Our network has been implemented using the TensorFlow and the TensorLayer libraries. For the HGG cohort, each cross validation training session requires approximately 18 h to finish on an NVIDIA Titan X (Pascal) graphics processing unit (GPU) with 12G memory, while the LGG cohort takes about ¼ of the training timeof the HGG cohort. There is a trade-off in choosing between 2D and 3D models. Due to the memory limits of the GPU, a 2D U-Net model can process a full slice in one go while a 3D convolution system can only process a small patch cover a small portion of the 3D volume. Therefore, in this study we used a 2D based network.

For the prediction once we fixed the model, the computation time is approximately 2 to 3 s per case regardless a HGG or a LGG study. Compared to our computational time, previous studies were less computational efficient: ~30 s [23], 25 s to 3 min [22], and about 8 min [21] to predict one tumor study.

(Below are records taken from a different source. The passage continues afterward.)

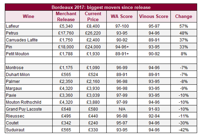 與2016年份一樣,拉弗爾Lafleur的表現最佳,目前價格比發布價漲了57%。一級酒莊的副牌葡萄酒也再次熱賣– 小拉菲Carruades Lafite漲價37%,而小木桐Petit Mouton則漲價8%。
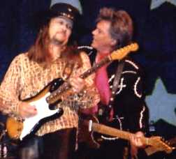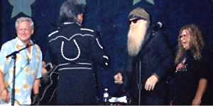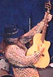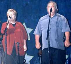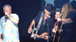 How wonderful it was when the doors finally opened! I mean wonderful in many perspectives. The first was just the sheer joy of that cool AC air washing out over our hot and sweaty bodies. We inched our way in slowly as everyone received their tickets for the big show. But we were finally in, and the fan club party for 2002 had begun! Jodee stepped up to the microphone and the event officially got underway. She gave us an update on the status of the fan club members and passed out prizes to some. Then Marty appeared and everyone's faces lit up! You could have turned off the lights and there would have been a glow in that balcony! I won't go into all that happened at the Late Nite Jam, except to say:
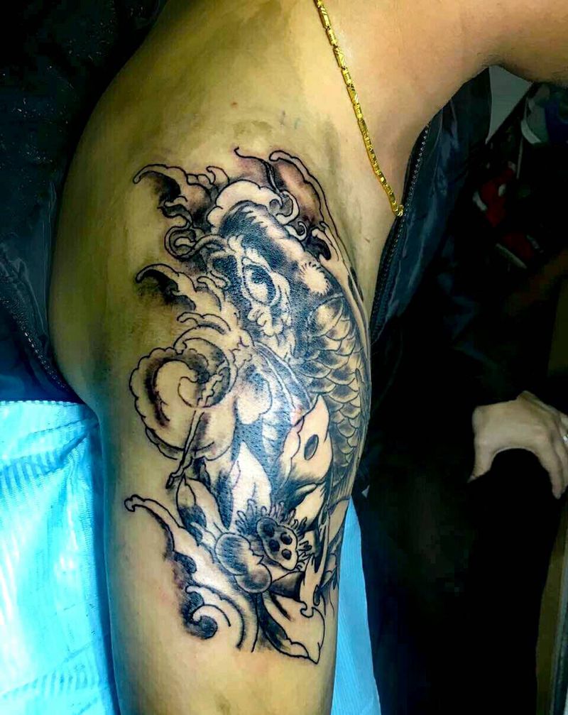 当前位置: 首页 >广东省湛江市纹身店-宁少TATTOO纹身图案>鲤鱼荷花纹身图片_手臂传统动物成品纹身图案
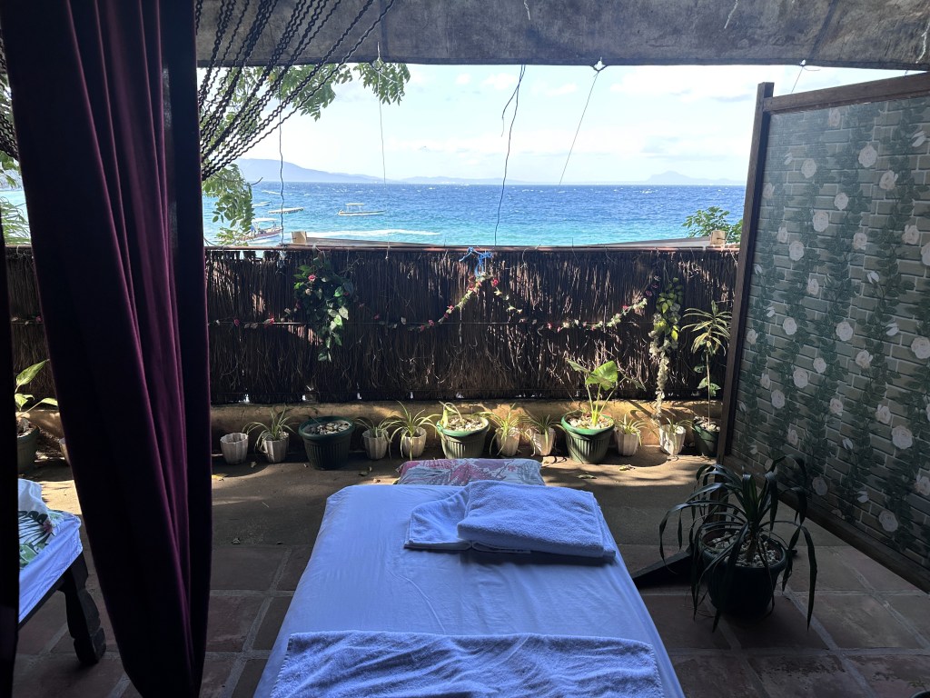 In the afternoon, along the waterfront, next to a raucous expat pub which the evening before had a live band churning out seventies’ hits (“I Shot the Sheriff”), I try the La Palm Spa, with Swedish massage pegged at 800₱, the convenient location, gobbling up drunken pub customers just steps away, justifying the higher than usual price. The pub is closed and all is very quiet, including the spa. It’s a small spa, without a lobby, just a wall one steps around to get inside. I see two massage tables separated by a curtain, and a bed on a raised platform at the far end hidden by another curtain, with a man on it, seemingly asleep. There are no curtains at the front of the massage tables; one looks out onto the sea (photo at top of this post). The priciest New Age spas anywhere could hardly beat this view. But you’ll find yourself, possibly naked, face to face with any customer who walks in—kind of exciting if you’re an exhibitionist, distinctly uncomfortable if you’re not. The problem at present, however, is that there is no masseuse.
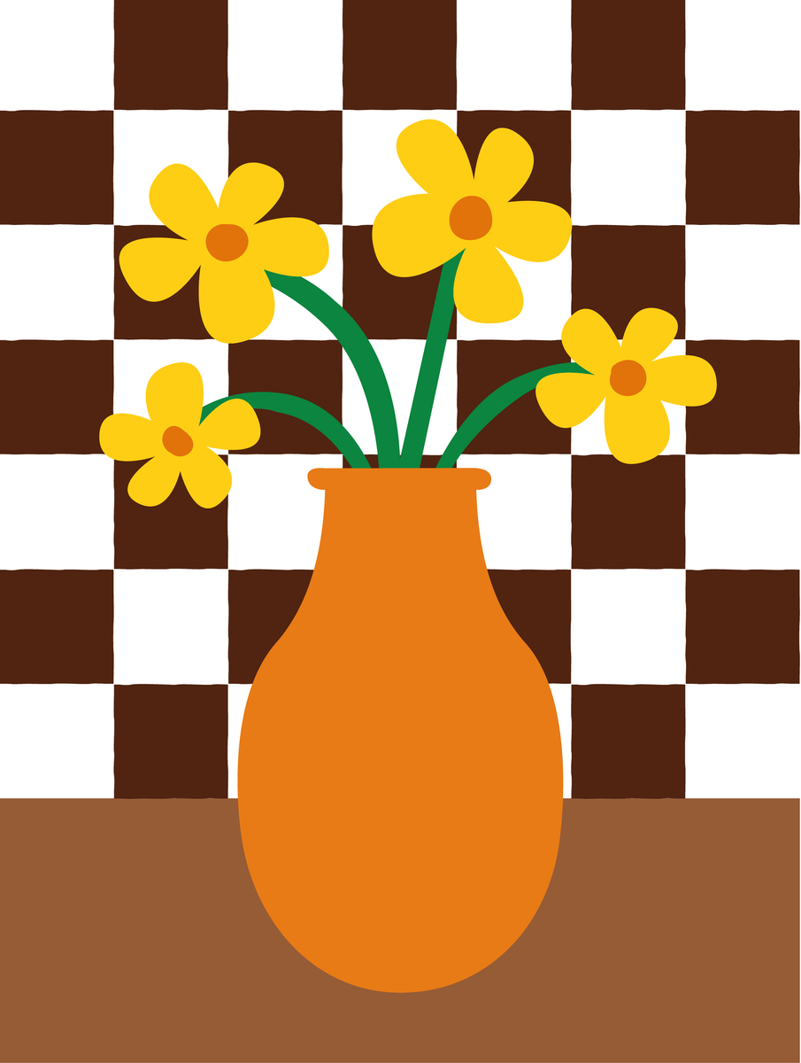 Kleuren brengen sfeer en persoonlijkheid in je interieur! Dit retro-geïnspireerde ontwerp van 30 x 40 cm heeft een opvallend kleurenpalet met sterke contrasten. Een lichtblauwe vaas, met daarin vier gele bloemen met groene stelen, wordt geplaatst op een roze ondergrond. De zwart-wit geblokte tegelmuur op de achtergrond geeft het ontwerp een vintage gevoel. Het ontwerp is dé kleurrijke toevoeging die jouw eclectische of retro interieur kan gebruiken.
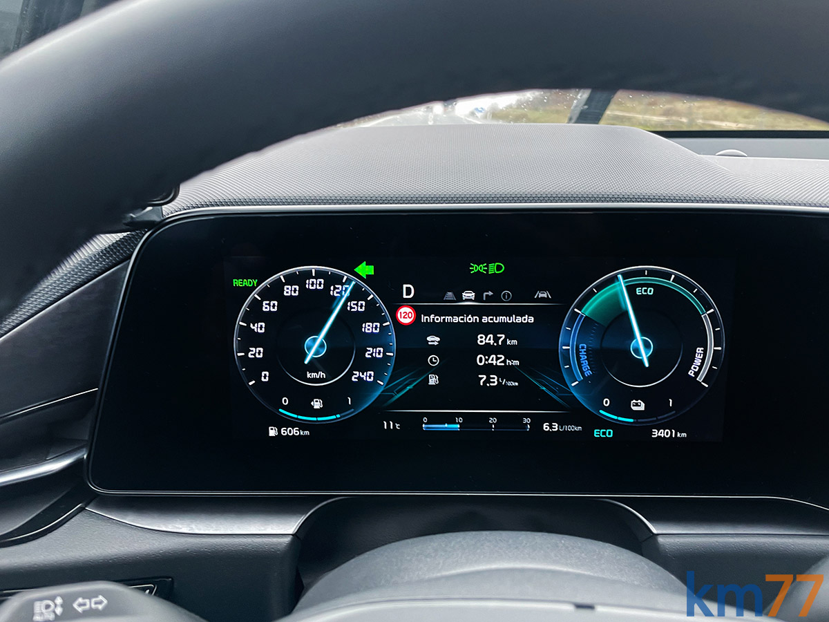 Como propietario (bastante satisfecho…) de un Hyundai Ioniq HEV, que tiene un sistema hibrido parecido (aunque de una generación anterior) al del Kia HEV, puedo decir que si hay alguna circunstancia en la que no esta nada a gusto es en mantener cruceros por encima de 120 kmh en autopistas/autovías con cierto desnivel.
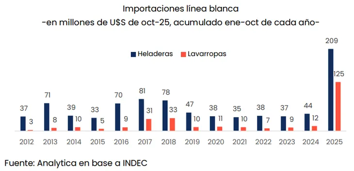 En ese sentido, la consultora reflejó que las importaciones de heladeras y lavarropas se dispararon 387,1% y 924,2%, respectivamente, entre enero y octubre de 2025 (respecto del mismo período de 2024), y que estos productos del exterior permitieron abastecer la demanda.
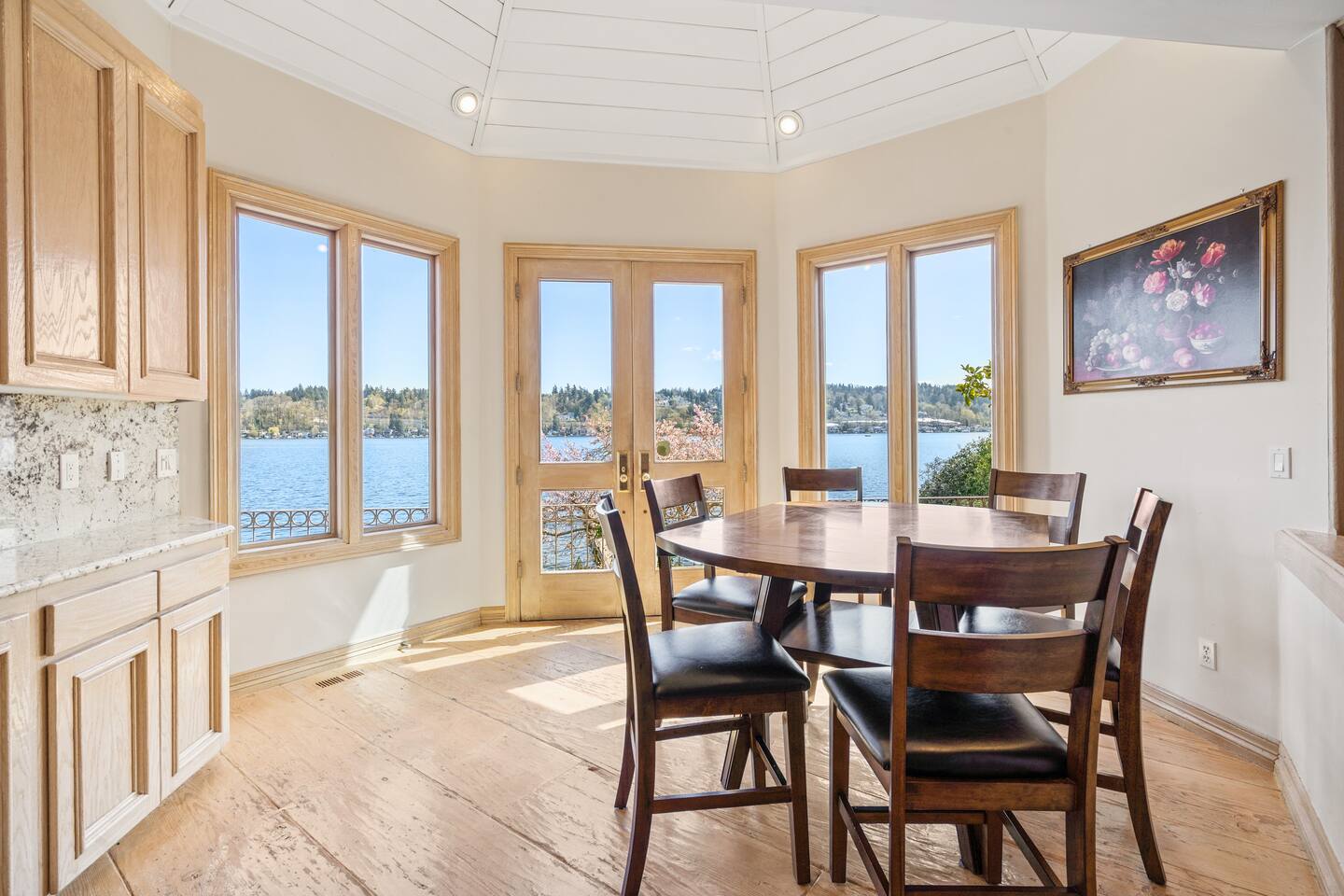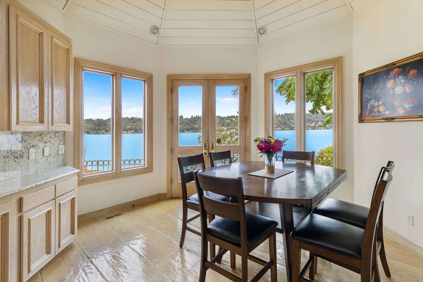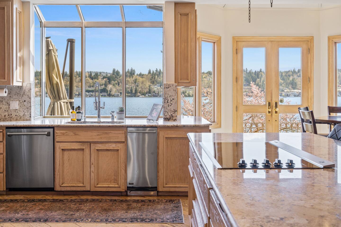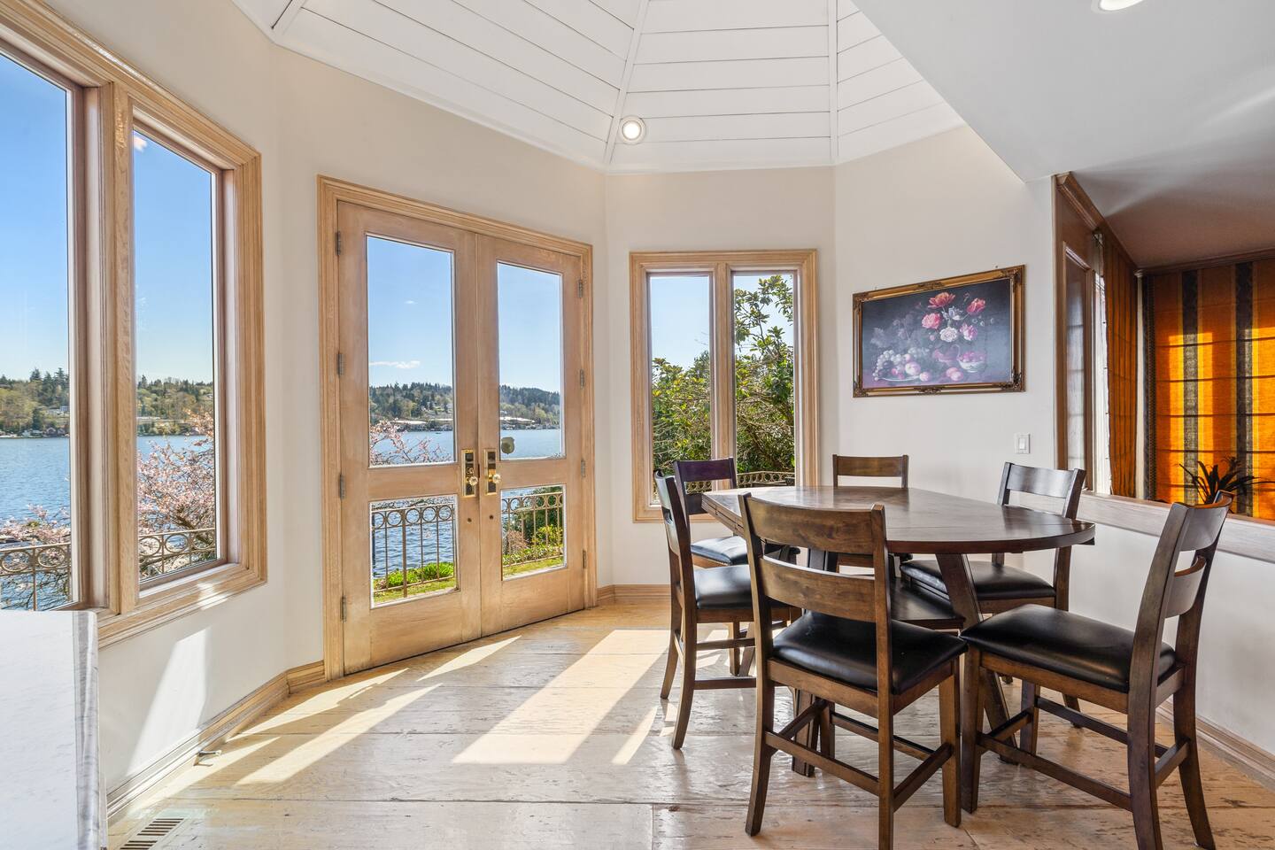 This is a strictly NO EVENTS and NO INDOOR SMOKING property. This home is set on the quiet and serene Mercer Island, with homes on either side of the property. Any evidence of smoking is a $2000 fine. Every unreported guest is charged $500 per person per night.
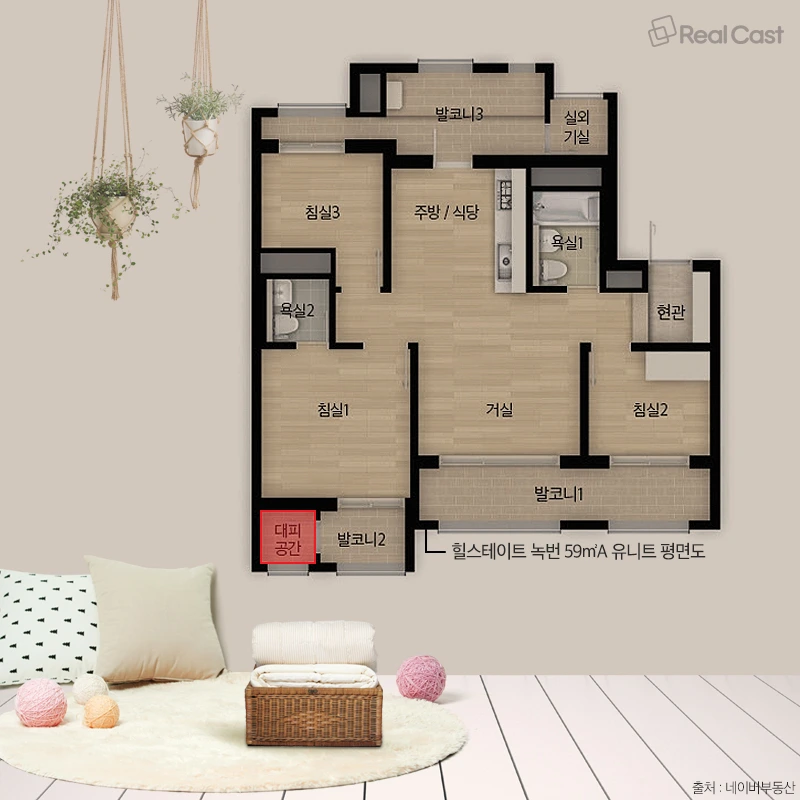 고층아파트 발코니 옆에는 의문의 공간이 존재한다. 이 공간은 실내임에도 단단한 방화문으로 격리되어 있다. 바닥이 그냥 타일로 마감되어 있다면 그곳은 단순한 대피공간이다. 그 대신 무언가 경고표지가 붙은 금속제 문이 바닥에 붙어있다면 그곳은 하향식 피난구실이다. 화재가 발행하면 자동으로 전 층의 피난구가 개방되어야 하므로 평소에도 물건을 쌓아둬서는 안 된다. 나를 포함해 모든 윗집 사람들의 생명을 위협하는 민폐다.
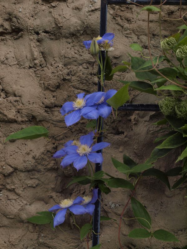 Morfoloģija. Lapas trīsdaivaini saliktas. Ziedi violeti, zili, 18 cm diametrā, ar 6 platām, eliptiskām lapām. Putekšņlapas dzeltenas. Zied jūlijā – rudenī. Auglis mazs, ar garu, spalvai līdzīgu galu.
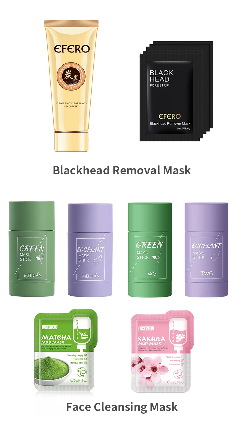 Limpeza profunda máscara facial chá verde controle de óleo berinjela remover máscara cravo vara hidratante anti-acne encolher poros cuidados com a pele
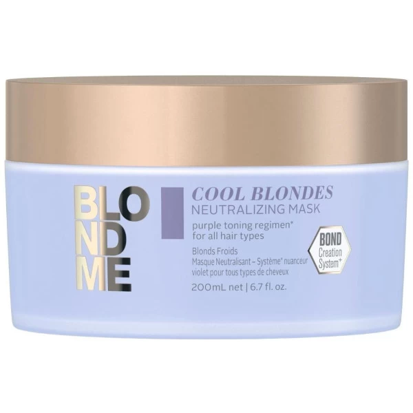 Masque neutralisant BlondMe Schwarzkopf Professional, pour tous les types de cheveux blonds souhaitant un résultat froid.
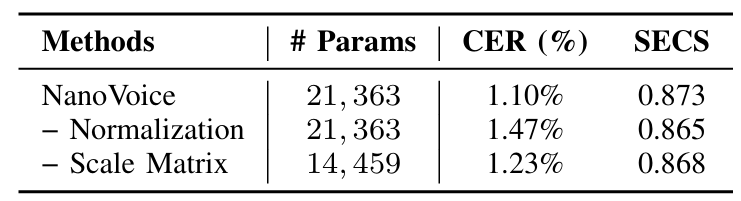 - $(B,A)$ : 모든 matrix를 share 하는 setup - 결과적으로 NanoVoice는 $A'$을 batch-wise manner로 활용하고 모든 reference voice에 대해 $B$를 share 하는 $(B',A)$를 채택함
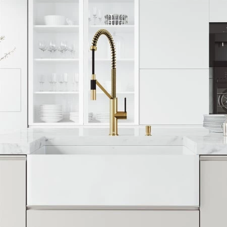 Classic design construction meets innovative technology with The Matte Stone Farmhouse Kitchen Sink Set with Livingston Faucet by VIGO. The sleek engineering of the faucet delivers exceptional multifunctionality. The construction of the sink adds a smooth texture to this exceptional kitchen sink set. VIGO’s exclusive finishes and materials reflect quality craftsmanship. Elegant in design and ergonomic in function, it seamlessly maximizes the form and functionality of your kitchen. The set is complete with a matching soap dispenser, a chrome strainer, and a strainer with a matching faucet finish.
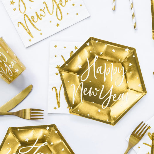Mirror gold paper plates with words 'Happy New Year' mixed with stars in white.
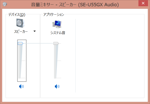 USBケーブルで接続しただけで、SE-U55GXというデバイス名もきちんと表示されて、動作を開始します。ヘッドフォンを接続して音楽再生を試してみましたが、正常に出力されていました。
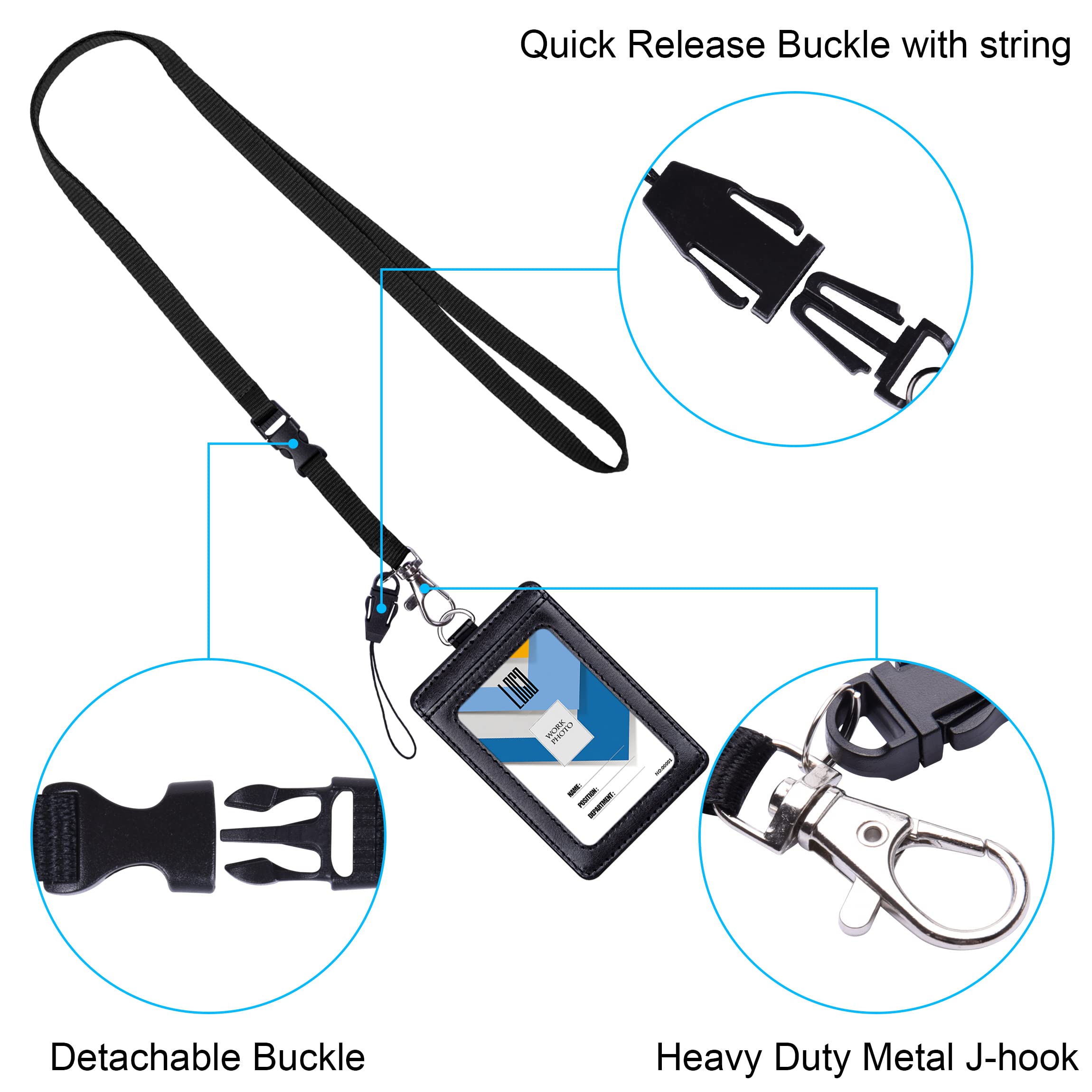 IDカードホルダー 縦 Wisdompro PU革 両面 ネックストラップ付き 社員証・名札・定期入れ・パスケース ブラック
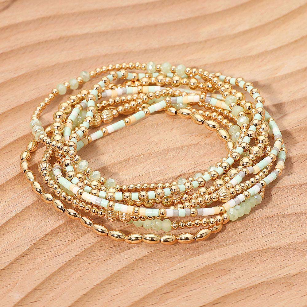 8PCS - Seed Beaded Stretch Multi Layered Bracelets
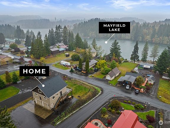 Buyers bring your boat, guests, pets there is something for everyone. Mayfield lake is minutes away, walking distance to marina, boat launching, swimming area and much more. This beautiful home has so much to offer 4 bedrooms 3 bathrooms. Vaulted ceilings, wood stove, wood flooring, open floor plan, two bedrooms on the main floor, primary on the upper floor, fourth bedroom off the garage. Fenced yard, RV parking, paved driveway, deck has awning, new decking, view of lake. Twenty-four foot boats fits in garage perfectly. The garage is huge plenty of rooms for toys. Home is easy to show. Sewer and water is $98.00/month. TDS/DSL is the internet service. No CCR's.

There are still some limitations of the current work. First, our segmentation method has been evaluated using a cross-validation scheme, which can provide an unbiased predictor, but running our model on a separate and independent testing dataset may produce a more objective evaluation. Secondly, there are several parameters need to be carefully tuned in our network. Currently all the parameters were determined via empirical study. In particular, for the regularization, we did not find a significant performance improvement after applying L1, L2 or dropout to the network. This may be attributed to the fact that an effective image distortion has been applied during our model training, and it is difficult to overfit a network with large amount of training data. Moreover, our current framework is less successful in segmenting enhancing tumor regions of the LGG cohort. By stacking all the multimodal MRI channels and performing joint training with HGG datasets may solve the problem. Despite these limitations, the developed model has still demonstrated promising segmentation results with efficiency. We can certainly envisage its application and effectiveness on an independent testing dataset. In addition, validating our method on multi-institutional and longitudinal datasets, especially for clinical datasets with anisotropic resolutions, will be one of the future directions.

4 Conclusion

In this paper, we presented a fully automatic brain tumor detection and segmentation method using the U-Net based deep convolution networks. Based on the experiments on a well-established benchmarking (BRATS 2015) datasets, which contain both HGG and LGG patients, we have demonstrated that our method can provide both efficient and robust segmentation compared to the manual delineated ground truth. In addition, compared to other state-of-the-art methods, our U-Net based deep convolution networks can also achieve comparable results for the complete tumor regions, and superior results for the core tumor regions. In our current study, the validation has been carried out using a five-fold cross-validation scheme; however, we can envisage a straightforward application on an independent testing datasets and further applications for multi-institutional and longitudinal datasets. The proposed method makes it possible to generate a patient-specific brain tumor segmentation model without manual interference, and this potentially enables objective lesion assessment for clinical tasks such as diagnosis, treatment planning and patient monitoring.